Introduction

This year, our contributions to future iGEM teams focused on creating new parts in the parts registry and documenting our troubleshooting processes. We hope that future iGEM teams will be able to use our parts and documented experiences to further advance their team’s research.

Documentation of Encapsulin, AMP, and Targeting Peptide

Our team added documentation for our antimicrobial peptide (AMP), T4GALA encapsulin, TEV Protease site, and targeting peptide as basic parts in the iGEM parts registry. We also registered the AMP + T4GALA + targeting peptide assembly as a composite part in the registry. Our AMP part name is BBa_K4143336 and this part contains the sequence for HBCM2, an α-helical hybrid of cecropin and melittin. To make this AMP, we codon-optimized the sequence found in literature to be compatible with the BL21 strain of E. coli that we used for expression. Our encapsulin part name is BBa K4143337 and this part contains the sequence for the T4GALA encapsulin. Our encapsulin was chosen because lowering the pH of the environment to 6 triggers disassembly of the encapsulin nanocompartment. This allows the AMP + targeting peptide fusion to be released from the encapsulin and subsequent cleavage by TEV protease. Our targeting peptide part name is BBa_K4143339. This part serves to direct cargo for sequestration inside an encapsulin. Finally, the composite AMP + targeting peptide + encapsulin part name is BBa_K4143340. Future teams would find this composite part useful if they desired to use our expression system for production of a toxic protein/peptide biosynthetically in E. coli.

Troubleshooting

Sequencing pETDuet Plasmids

One contribution to other iGEM teams is our troubleshooting process with plasmid sequencing results. After Gibson assembly, we chose generic primers that overlap with the T7 promoter from the sequencing department at our university and sent the plasmid for sequencing to check whether the AMP construct inserted correctly. Initially, our sequencing results were poor in the region where we expected to see our AMP sequence. Interestingly, we noticed that our sequencing was bad for about 230 base pairs, with many bases being marked as “N” for unknown. A DNA polymerase usually drops off early if there are poor sequencing results but ours went to about 1100 bases, which is a good read length. We did notice, however, that our target peptide and linker sequences, which are unique sequences towards the end of our sequence reading, did appear to be inserted correctly. The presence of these irregular sequences made us think that our transformation may not have been completely unsuccessful and that there may be an issue with our sequencing method.

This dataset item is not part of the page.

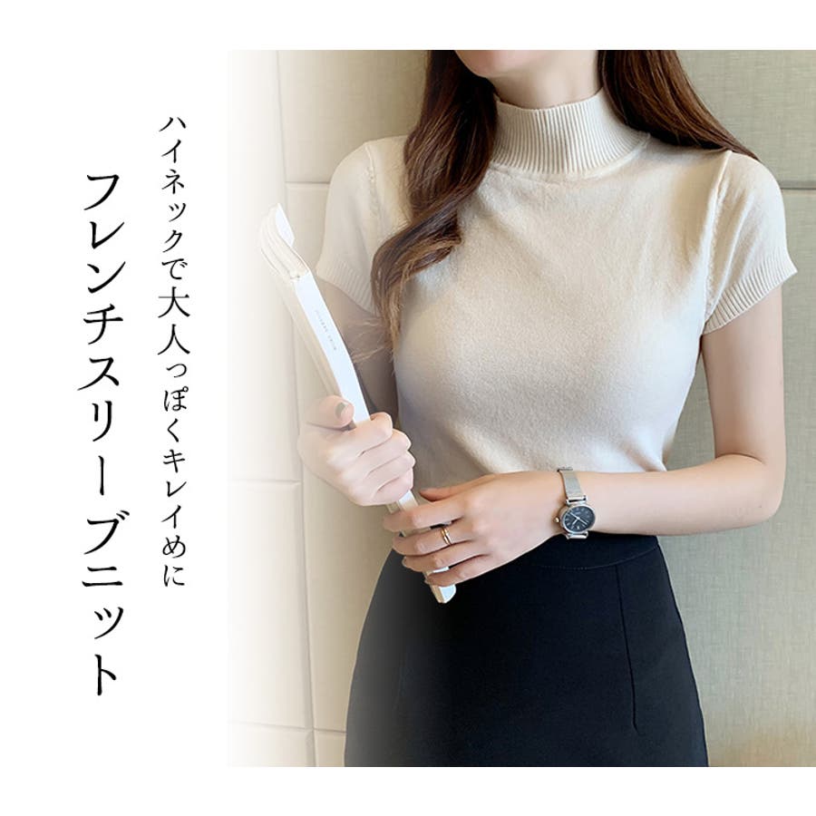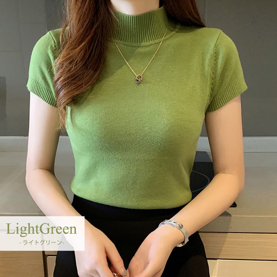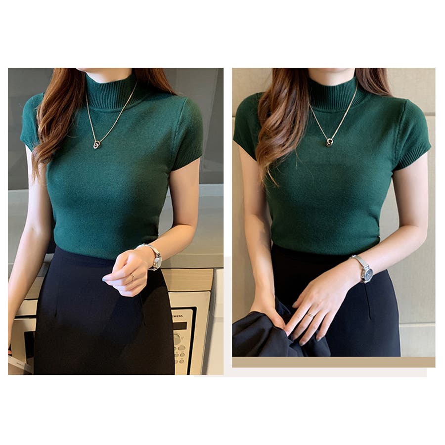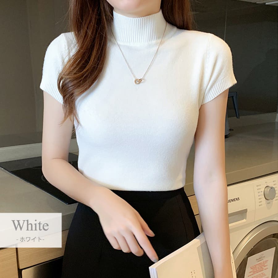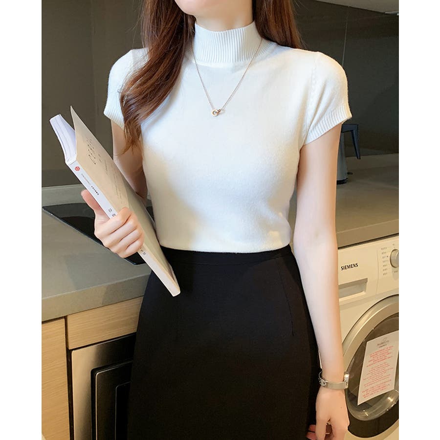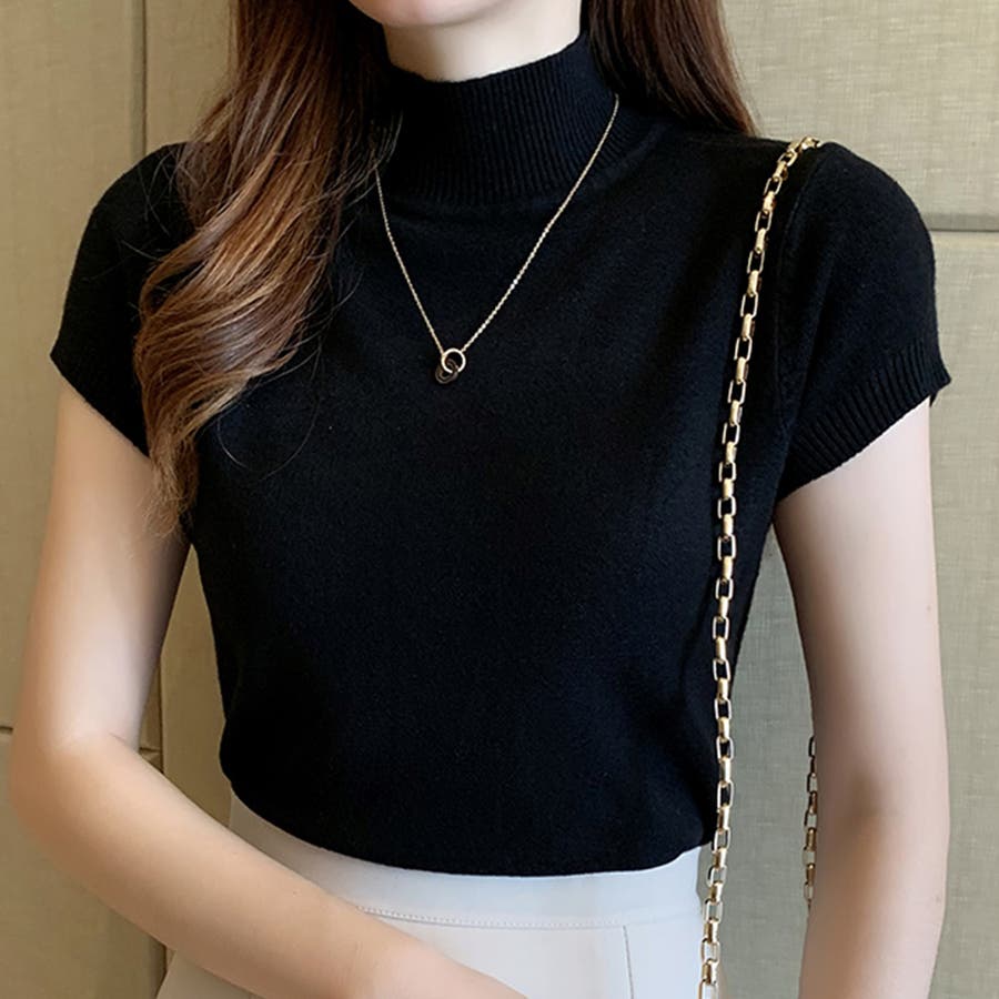 サマーニット 半袖 ハイネック

After analysis, we realized that there are two T7 promoters in the pETDuet plasmid we were using. When our plasmid was sequenced, DNA elongation began at both T7 promoters, meaning sequencing was occurring at two locations on the plasmid instead of one. These strands started from different places and therefore were not identical, so the sequencing returned convoluted data. To solve this problem, we made custom primers for sequencing that corresponded to a unique site upstream of our insert. Using custom primers resulted in successful sequencing. It is advised that future teams make sure to check primers for multiple T7 promoters before using premade T7 primers for sequencing, particularly if using a pETDuet plasmid.

DNA Gel Electrophoresis

Our team can also share our troubleshooting process with smearing gel results from gel electrophoresis. When we began lab work, our gels repeatedly showed smeared, unclear bands when imaged. We initially ran gels with control DNA to test whether our DNA was causing the problem. The gels with control DNA looked just as smeared as the gels with our experimental DNA, so we knew that our samples were not causing an issue. Next, we experimented with different parameters to improve our gels. We tried running gels at a lower voltage, a longer time, and measuring the temperature of the gels more precisely before they were poured (using a digital instead of an analog thermometer). These improvements made our gels slightly clearer, but increasing the agarose percentage of our gels from 0.5% to 1% resulted in the most notable improvement in clarity of bands on the gel. The higher the concentration of agarose within the gel created smaller pores within the matrix. Smaller pores make it difficult for large molecules to migrate through the gel and so they favor the separation of fragments in the sample. We advised that future iGEM teams match the agarose concentration of their gels to the size of DNA fragments they expect to see before they start running gels.